**Brief:** Reproduce the listing below word for word and exclude any picture.
::: Data below
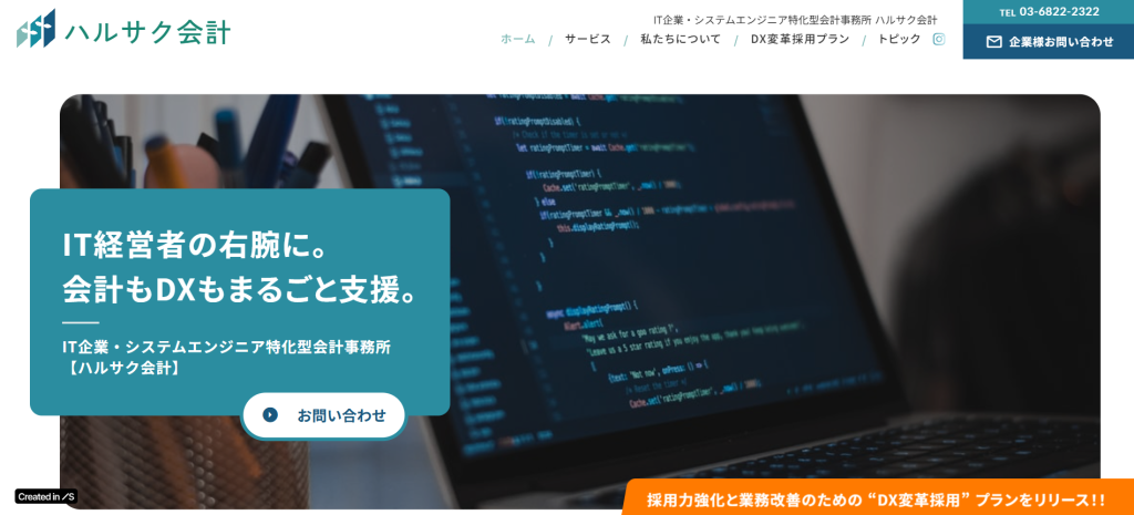 サービス内容は幅広く、税務顧問、確定申告、経理代行、インボイス制度導入支援などの会計税務業務に加えて、資金調達、会社設立、補助金・助成金申請まで対応。
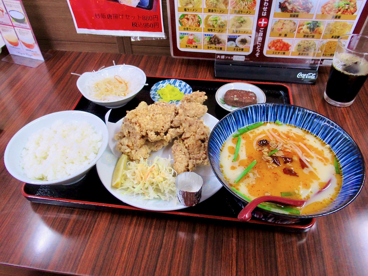 唐揚げがメッチャデカくてラーメンの丼鉢が小さく感じます。
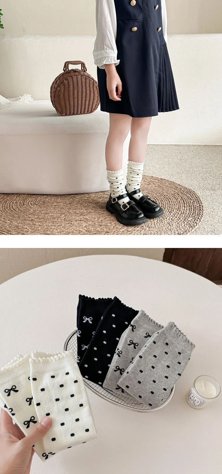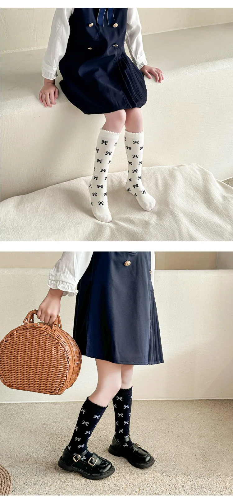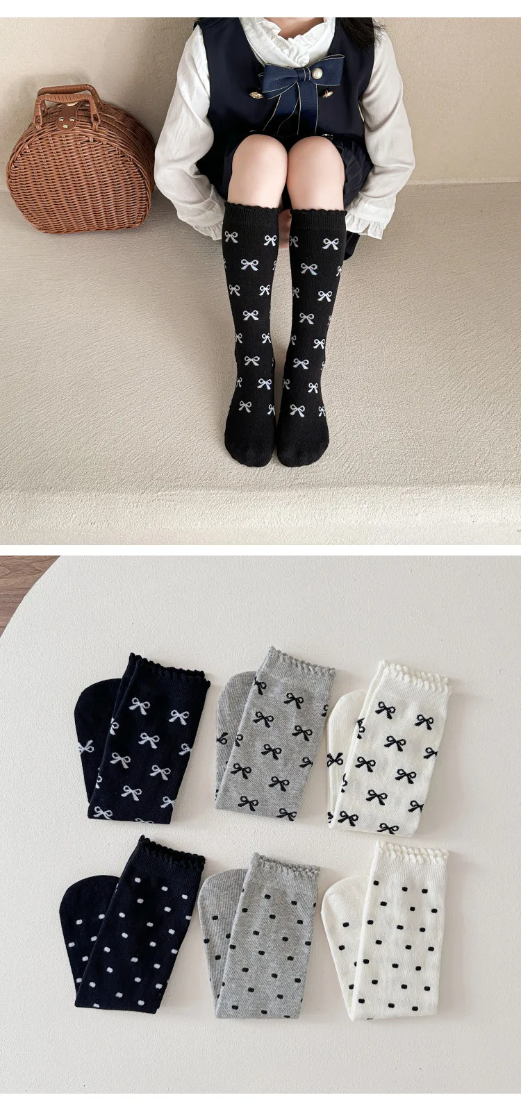 Comprar 1 par de calcetines sencillos de pantorrilla con lazo coreano para chico y niña, calcetines hasta la pantorrilla con estampado de puntos y lazo dulce para niños, calcetines escolares de algodón suave para primavera y verano
::::::
**Completed exercise:**
 サービス内容は幅広く、税務顧問、確定申告、経理代行、インボイス制度導入支援などの会計税務業務に加えて、資金調達、会社設立、補助金・助成金申請まで対応。
 唐揚げがメッチャデカくてラーメンの丼鉢が小さく感じます。
 Comprar 1 par de calcetines sencillos de pantorrilla con lazo coreano para chico y niña, calcetines hasta la pantorrilla con estampado de puntos y lazo dulce para niños, calcetines escolares de algodón suave para primavera y verano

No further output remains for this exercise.